Eres el miedo a salir a la calle, el arma humeante de un narcotraficante, también la nota roja en los diarios o aquella narcomanta en el puente peatonal. Eres un ciudadano vulnerable que ya no sabe distinguir quiénes son los buenos y quiénes los malos. Eres fragilidad, eres tan vulnerable como puede serlo la gente de a pie que ya no está segura ni al cruzar ante el semáforo. Eres un cafre al volante de un microbús sin frenos, la ambulancia que traslada un herido grave, la cada vez más dinamitada expectativa de vida. Eres aquel jovencito al que robaron el celular, la chica que llora porque la han manoseado, el ruido insoportable de los que venden compactos en el Metro, la anciana a la que nadie cede el asiento en el pesero, esa madre que no decide si deja de pagar el agua o quedarse sin comprar el gas; eres el padre de familia cuyos insomnios son carcomidos por la angustia, el estudiante modelo que deberá dejar la escuela, y también la cajera del súper que será despedida al final de quincena. Eres el bolero que se "broncea" bajo el esmog, el pizzero que teme llegar tarde, el joven de McDonalds que nunca será empleado del mes, aquella señora que tiene empeñada hasta el alma, la cocinera de las casas ricas, la señora que lava ajeno, unas garnachas en la esquina del trabajo, el agua turbia que venden las pipas, las calles sin pavimentar, la inundación en tu colonia, ese discurso que siempre repite las mismas palabras que no convencen a nadie y también el conductor de noticias que está en la nómina del gobierno o ese delegado que "amañará" el presupuesto.

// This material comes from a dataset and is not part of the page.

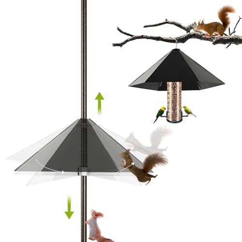 Measuring 19 inches in length with a height of 3 inches and width of 11 inches, this baffle fits most bird feeder poles comfortably. Its sturdy construction and thoughtful design protect the feeder from squirrels while maintaining easy access for birds. With simple installation and low maintenance, the Onlyfly Metal Squirrel Baffle offers a practical and effective way to enjoy watching birds without the nuisance of squirrel interference.
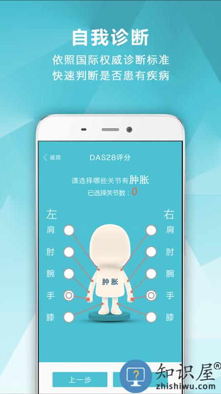 患者端包括自我评估(如疾病活动度评估DAS28、躯体功能评估HAQ)、用药管理、不良事件管理和实验室检查等主要组件,界面友好,操作简便。

Eres el marido infiel, una noche sin caricias, esa novia que se acuesta con el mejor amigo del chico que la ama, aquella golfa que pisotea un corazón entregado, el cretino que olvida a una madre soltera, la televisión prendida hasta las dos de la madrugada, una sucesión de plegarias sin respuesta, esa canción tristísima de Joaquín Sabina, la adolescente que chatea con extraños, el solitario que hace amigos por messenger, la pobre ilusa que se enamora por internet, también la divorciada que aún espera que su ex marido sea infeliz con la otra. Eres la amante que nunca tendrá luna de miel ni boda por la iglesia. Eres parte de ese ejército de pobres que se multiplica mientras PAN Y PRD amarran sus alianzas. Eres yo, yo soy tú. Intentarán robarnos la esperanza, pero no podrán quitarnos la dignidad que nos permitirá seguir luchando en lugar de empezar los estúpidos festejos.